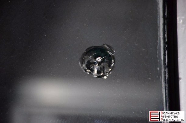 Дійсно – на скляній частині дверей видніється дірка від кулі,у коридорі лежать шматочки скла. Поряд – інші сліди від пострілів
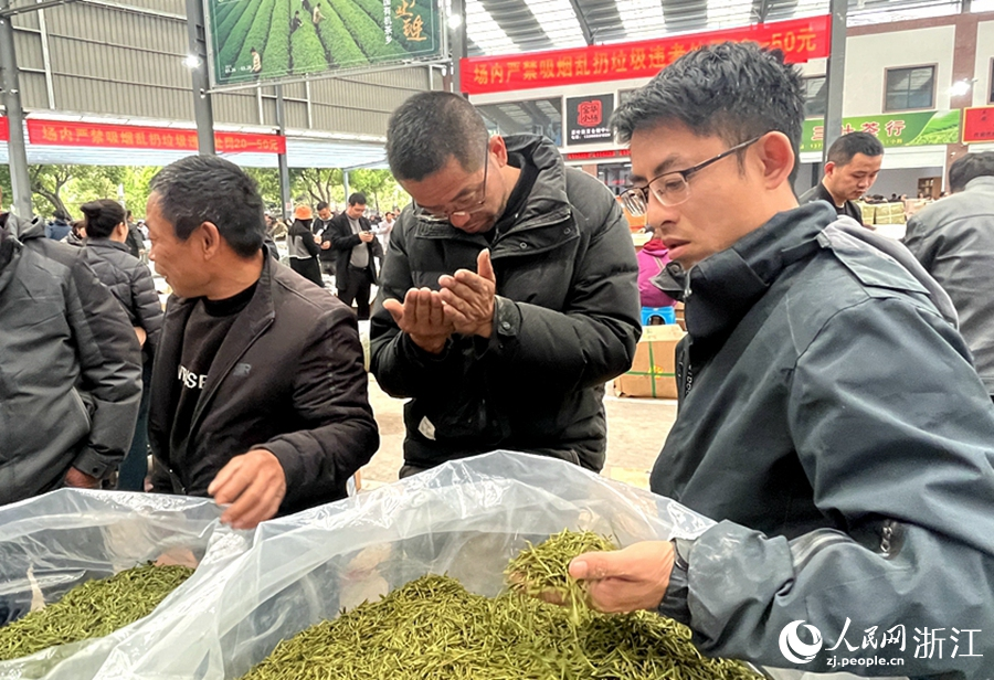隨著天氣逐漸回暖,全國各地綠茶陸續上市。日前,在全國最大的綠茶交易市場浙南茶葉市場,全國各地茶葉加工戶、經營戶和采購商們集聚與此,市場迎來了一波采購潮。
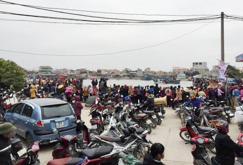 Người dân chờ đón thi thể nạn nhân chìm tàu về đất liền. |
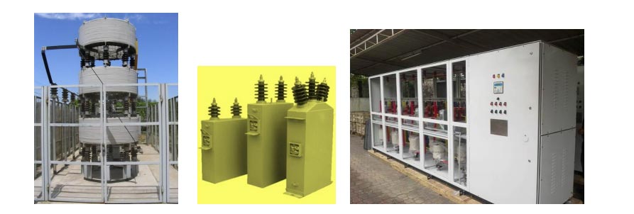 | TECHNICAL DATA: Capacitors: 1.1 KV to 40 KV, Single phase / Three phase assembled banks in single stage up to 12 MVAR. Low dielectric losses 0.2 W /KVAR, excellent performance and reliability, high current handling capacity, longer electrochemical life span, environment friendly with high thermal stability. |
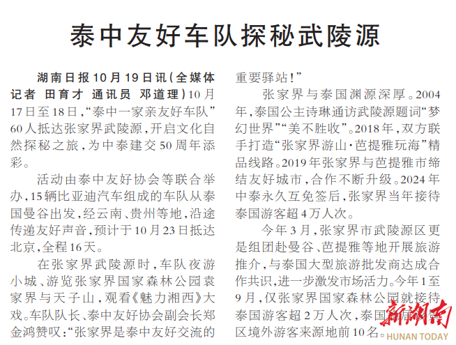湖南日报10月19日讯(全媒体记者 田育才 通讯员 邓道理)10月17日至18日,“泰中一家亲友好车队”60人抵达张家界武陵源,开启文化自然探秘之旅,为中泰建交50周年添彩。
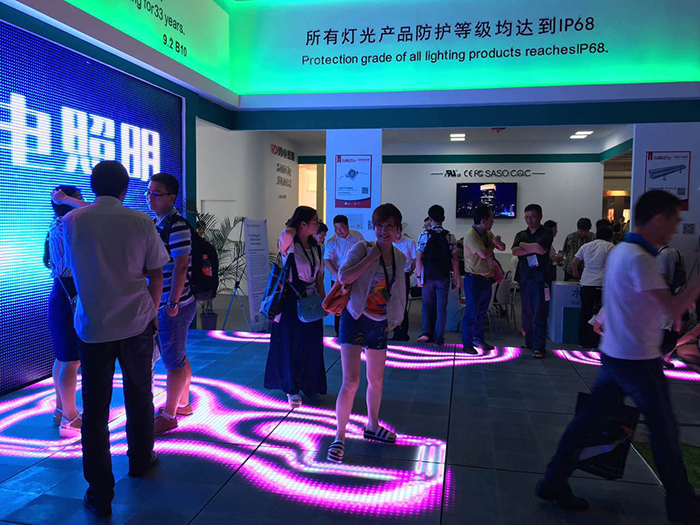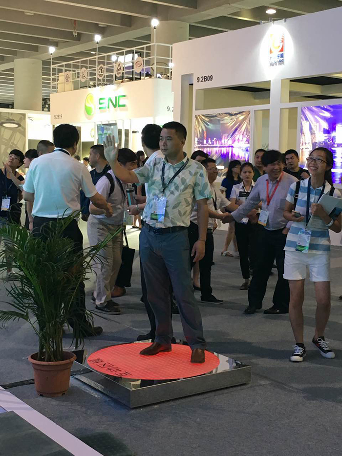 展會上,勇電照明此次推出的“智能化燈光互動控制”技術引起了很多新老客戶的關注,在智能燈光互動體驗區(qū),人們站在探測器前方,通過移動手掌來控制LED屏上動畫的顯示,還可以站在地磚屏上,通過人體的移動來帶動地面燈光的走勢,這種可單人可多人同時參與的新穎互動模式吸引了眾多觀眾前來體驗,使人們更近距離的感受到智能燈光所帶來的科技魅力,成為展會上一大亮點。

☆ ☆ ☆ ☆

## TASK REQUIREMENTS
Could the material above be given again exactly, pictures excluded?

## WRITTEN SOLUTION
 Дійсно – на скляній частині дверей видніється дірка від кулі,у коридорі лежать шматочки скла. Поряд – інші сліди від пострілів
隨著天氣逐漸回暖,全國各地綠茶陸續上市。日前,在全國最大的綠茶交易市場浙南茶葉市場,全國各地茶葉加工戶、經營戶和采購商們集聚與此,市場迎來了一波采購潮。
 Người dân chờ đón thi thể nạn nhân chìm tàu về đất liền. |
 | TECHNICAL DATA: Capacitors: 1.1 KV to 40 KV, Single phase / Three phase assembled banks in single stage up to 12 MVAR. Low dielectric losses 0.2 W /KVAR, excellent performance and reliability, high current handling capacity, longer electrochemical life span, environment friendly with high thermal stability. |
湖南日报10月19日讯(全媒体记者 田育才 通讯员 邓道理)10月17日至18日,“泰中一家亲友好车队”60人抵达张家界武陵源,开启文化自然探秘之旅,为中泰建交50周年添彩。
 展會上,勇電照明此次推出的“智能化燈光互動控制”技術引起了很多新老客戶的關注,在智能燈光互動體驗區(qū),人們站在探測器前方,通過移動手掌來控制LED屏上動畫的顯示,還可以站在地磚屏上,通過人體的移動來帶動地面燈光的走勢,這種可單人可多人同時參與的新穎互動模式吸引了眾多觀眾前來體驗,使人們更近距離的感受到智能燈光所帶來的科技魅力,成為展會上一大亮點。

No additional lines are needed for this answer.